[TASK BRIEF]: Only the lines from the beginning of the data through the one with "一位2023款Max超强性能" belong in the answer, each retyped exactly, with pictures left out.

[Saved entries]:
++++++++++++++++++++

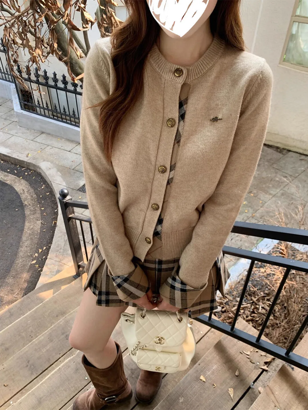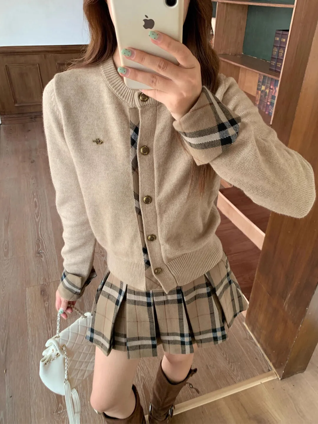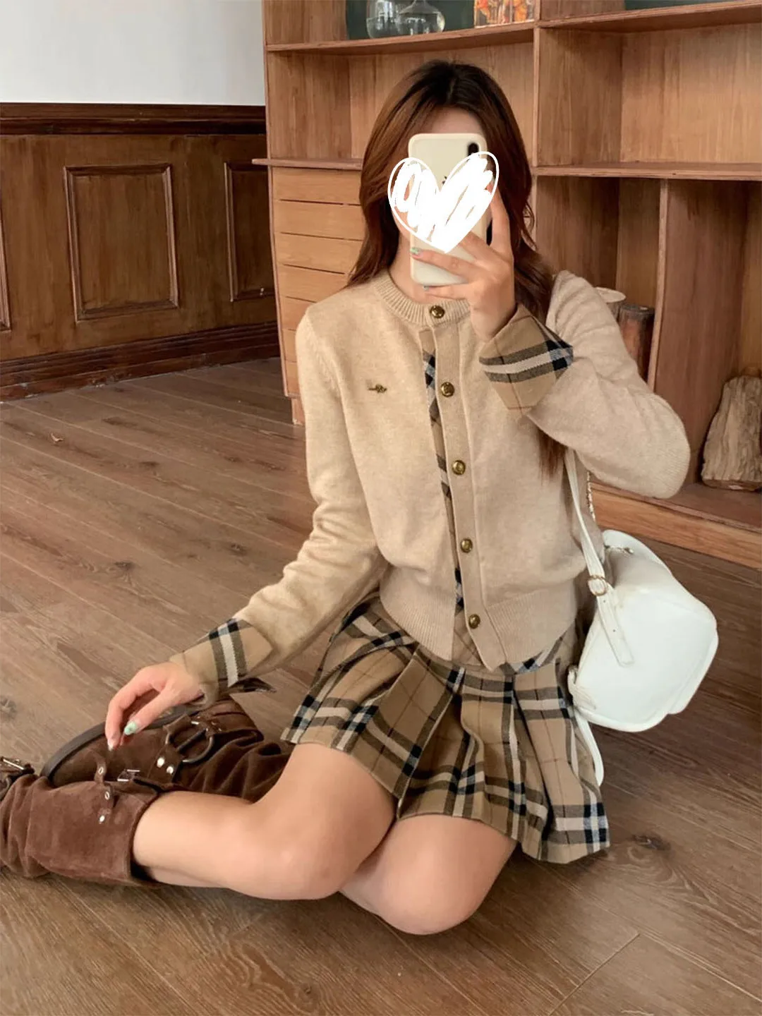 レディースニットセーターとプリーツミニスカートセット、ラウンドネック、長袖、ストライプデザイン、秋冬ファッションアンサンブル - TopDealBox
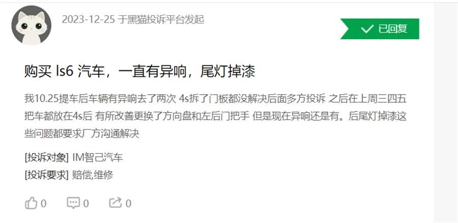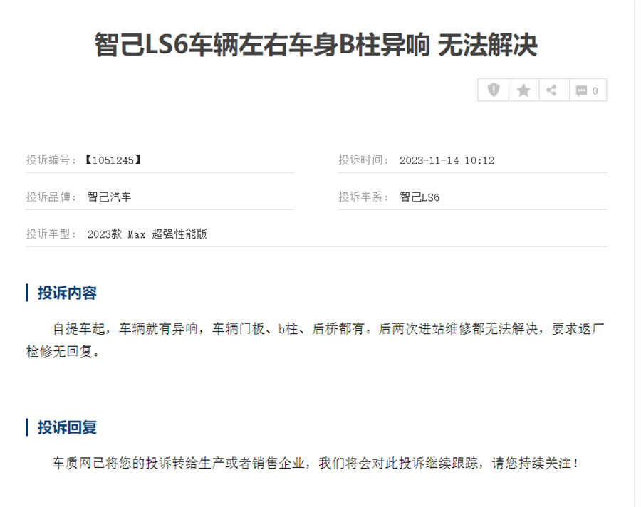 一位2023款Max超强性能版智己LS6车主在投诉中表示,“自提车起,车辆就有异响,车辆门板、b柱、后桥都有。后两次进站维修都无法解决,要求返厂检修无回复”。(车质网)
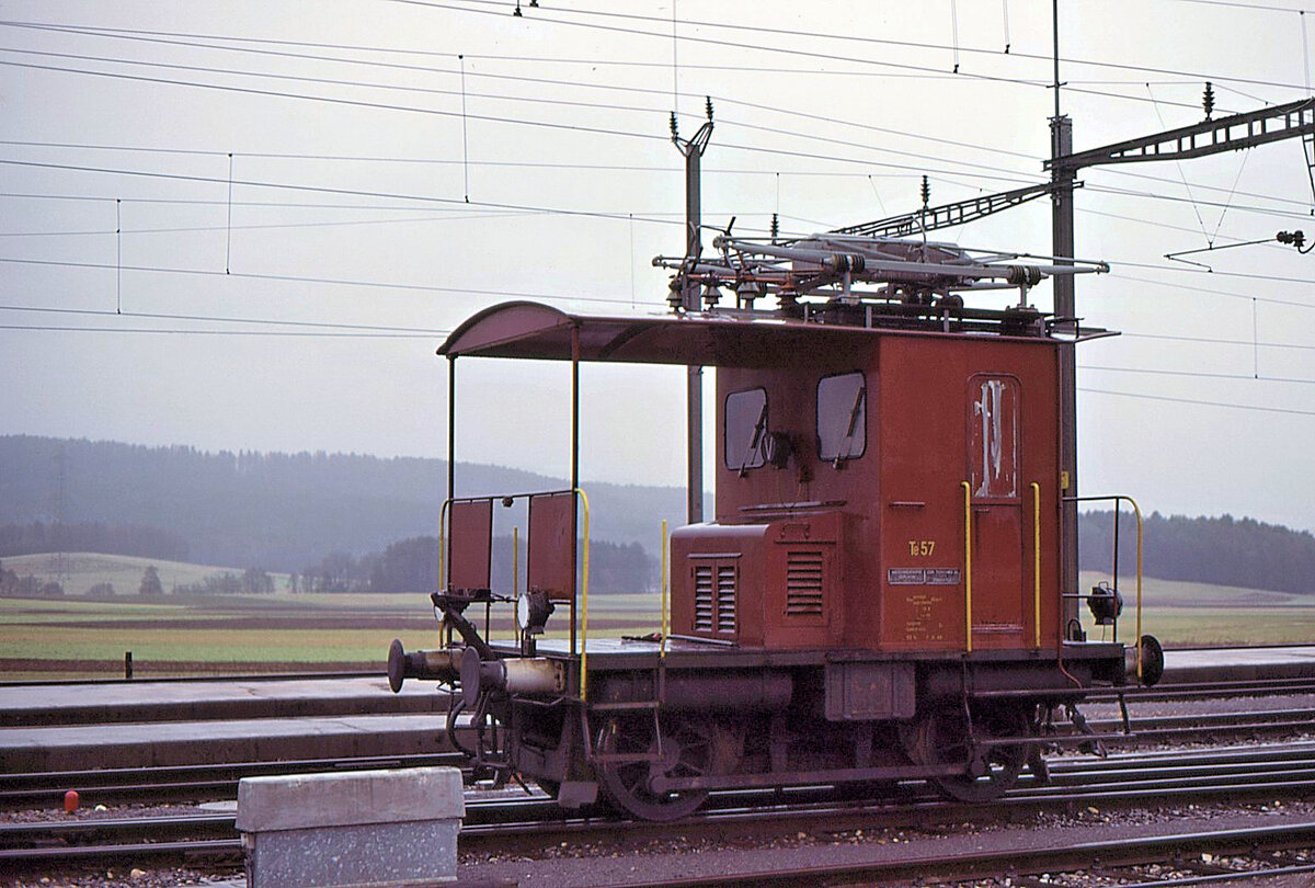 Traktoren Te I (Normalspur): Elektrische Traktoren gibt es praktisch nur in der Schweiz; im Ausland sind kleine Anschlussgeleise und Rangiergeleise nicht in so hohem Grad elektrifiziert. Die kleinen Te I sind rund 5, 6 m lang, wiegen 13 ~ 14, 5 t und erbringen 125 ~ 135 PS. Erbaut wurden sie von SLM und MFO; einige Fahrzeuge haben einen Kasten von der Fa. Tuchschmid in Frauenfeld. Die SBB erhielt zwischen 1937 und 1957 die (späteren) Nummern 1 bis 60 für den Rangierdienst und 951 – 963 für den Baudienst. Die EBT bekam 1944 – 1955 die Loks 21-29, die VHB noch 1963 die Nr. 61. Die BLS erhielt 1950/54 die Loks 11-17, bei denen dann die Westinghouse Luftbremse durch eine Oerlikon-Anhängerbremse ersetzt wurde. - Bild: Te I 57 in Glovelier, 3.Januar 1984
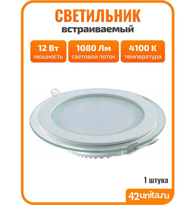 Встраиваемый светильник, LED панель круглая стекло 12Вт 4100К
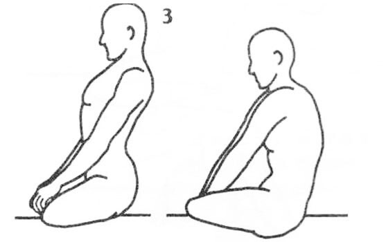5. Повороты головы. Сядьте на пятки; колени вместе, спина прямая; руки положите на переднюю поверхность бедер. Сделайте глубокий вдох: на вдохе поверните голову влево и мысленно произнесите «Сат». Затем сделайте полный выдох: на выдохе поверните голову вправо и мысленно произнесите «Нам». Продолжайте, ритмично чередуя вдохи и выдохи, 3 минуты. Затем вернитесь в центральное положение, сделайте вдох, расслабьтесь.
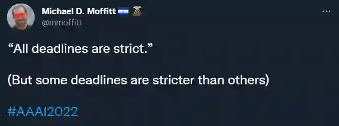 还有人建议去投一些方向更加明确的会议,毕竟 AI 这个范围太大了,如果 AAAI 组委会要照顾各个子领域的中稿均衡性,热门领域的同学难免要当炮灰。
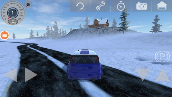 2、在雪地道路中驾驶汽车,玩家要快速启动汽车,自由选择自己的驾驶路线。
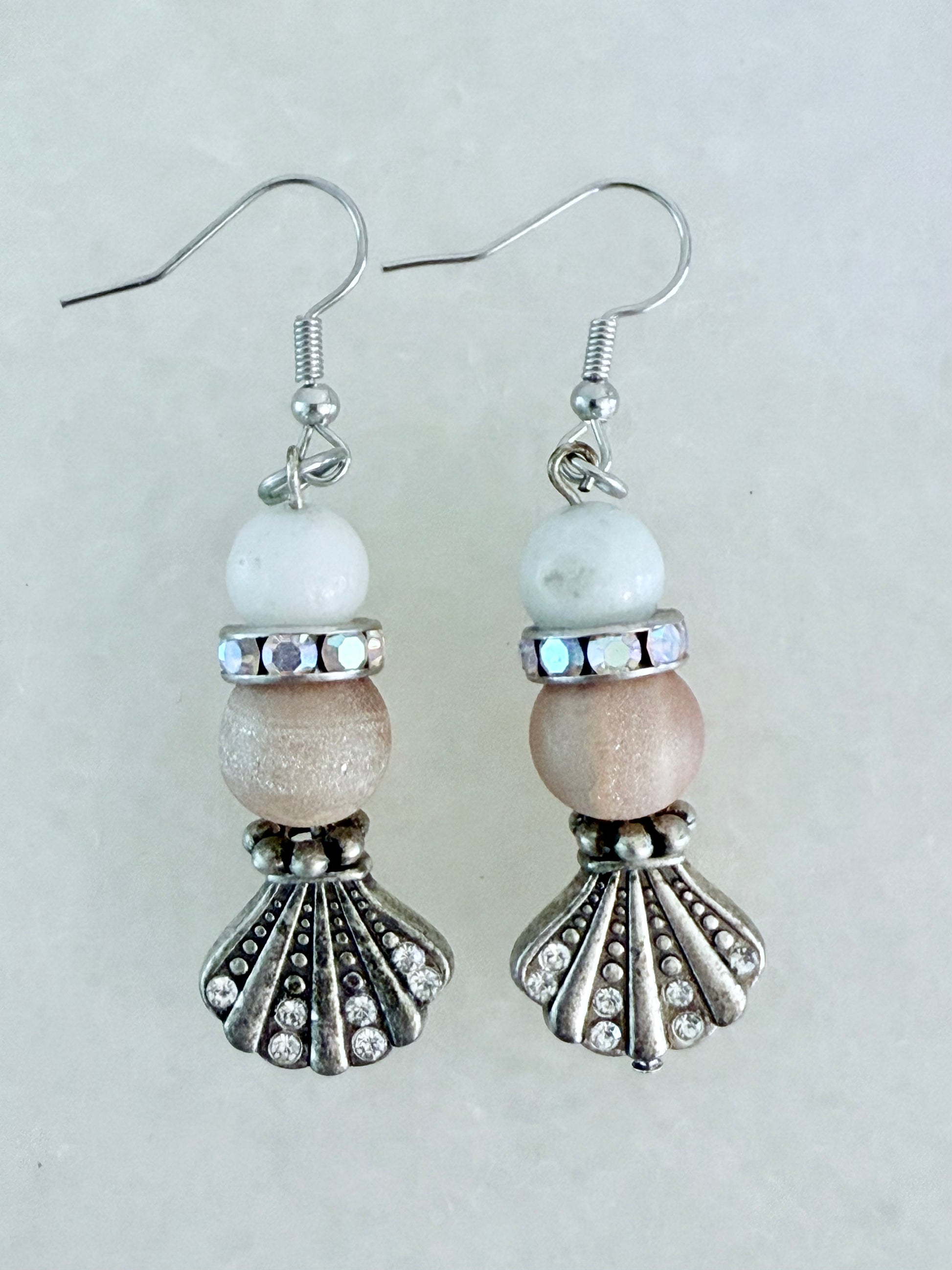 The Little Mermaid Earring set was created for the younger ladies--or ladies young at heart--with its sweet charm and femininity. Made with Druze agate in a beautiful blush hue, cream-colored Amazonite with multi-colored rhinestone rondelles and shell drops, this set makes a lovely little add-on to your Sunday best or the perfect accessory for your inner mermaid.
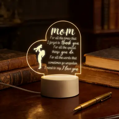 🌟 Mom Thank You Heart 2D Acrylic LED Night Light 🌟
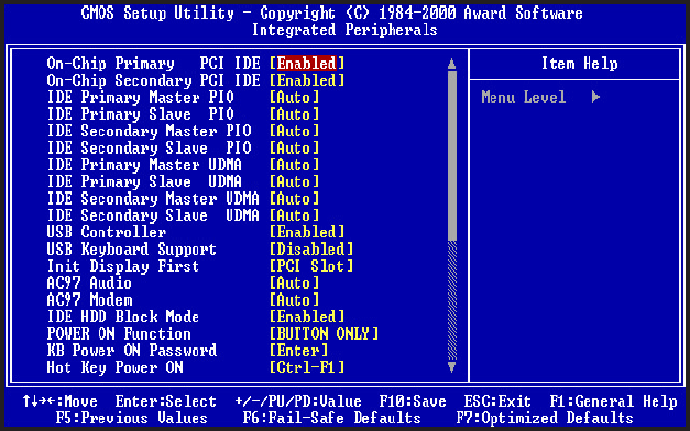 Enabled / Disabled on-chip primary PCI IDE. Default setting is "Enabled".
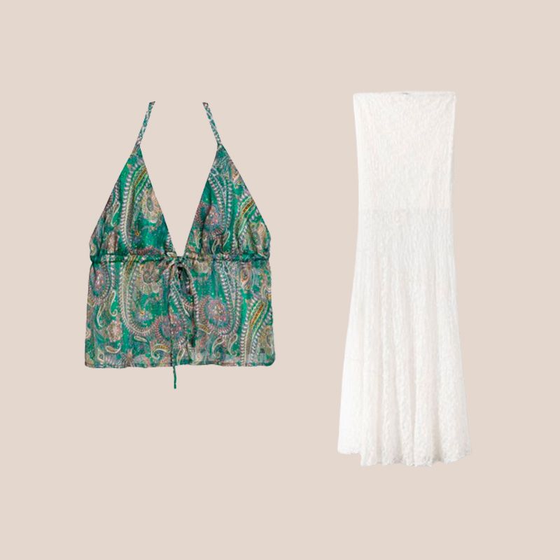 Ficha en The Are este top estampado con lazada al cuello y espalda al descubierto (44,95 31,95 euros) y combínalo con una falda midi con encaje de Bershka (25,99 euros).
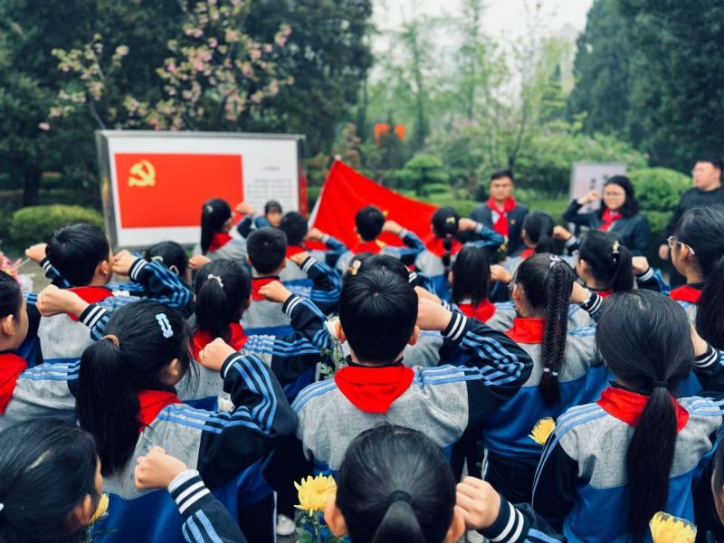 缅怀先烈,继承遗志。珍惜当下,努力奋斗。孩子们敬献花束,细心擦拭烈士墓碑,表示要把英烈的精神融入到学习、生活中,争做新时代好队员。
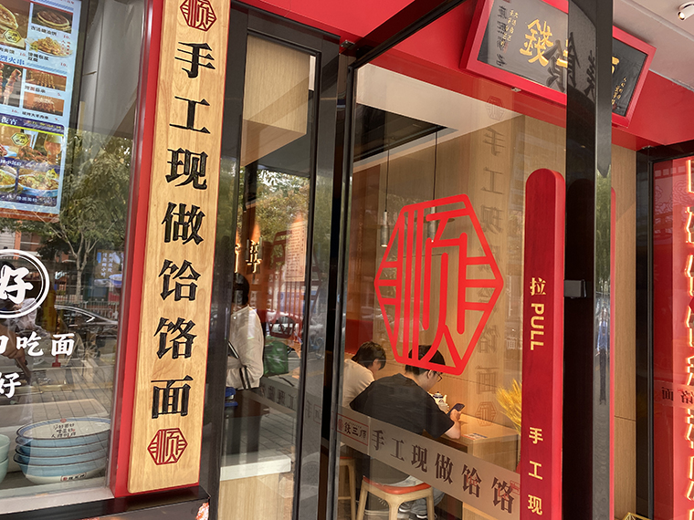 1、從門頭設計到門面設計表達,整個門店設計的重心:手工現做饸饹面,這是我們產品的靈魂,也是我們區別于其他連鎖面館產品的核心。康熙賜名,是品牌故事的傳說,也是饸饹面權威背書的一種方式。與門口張貼的非物質文化遺傳美食相呼應,讓消費者對饸饹面有了認知,對錢三順品牌肅然起敬;
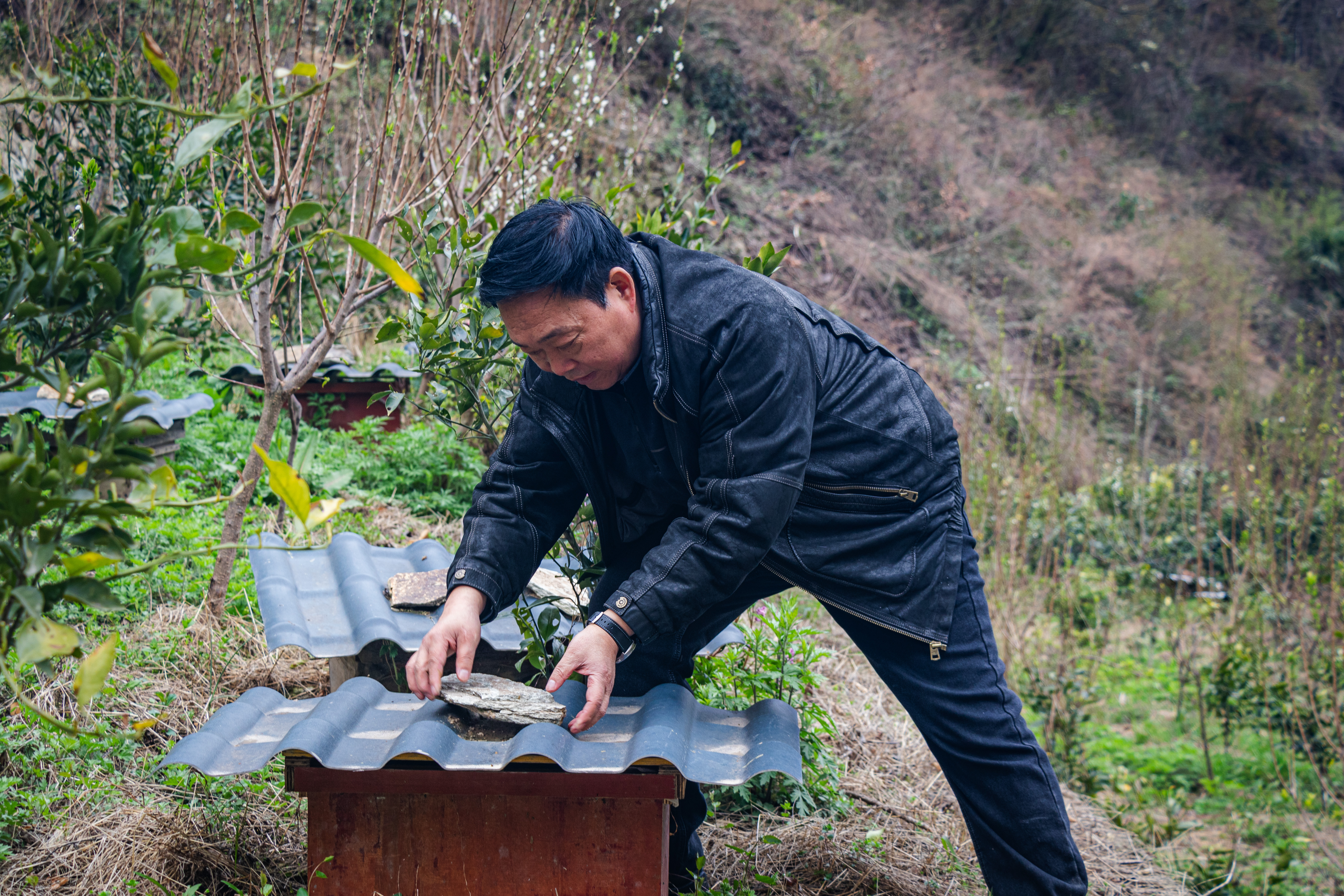 唐小明在檢查蜂箱

++++++++++++++++++++

[WRITTEN SOLUTION]:
 レディースニットセーターとプリーツミニスカートセット、ラウンドネック、長袖、ストライプデザイン、秋冬ファッションアンサンブル - TopDealBox
 一位2023款Max超强性能版智己LS6车主在投诉中表示,“自提车起,车辆就有异响,车辆门板、b柱、后桥都有。后两次进站维修都无法解决,要求返厂检修无回复”。(车质网)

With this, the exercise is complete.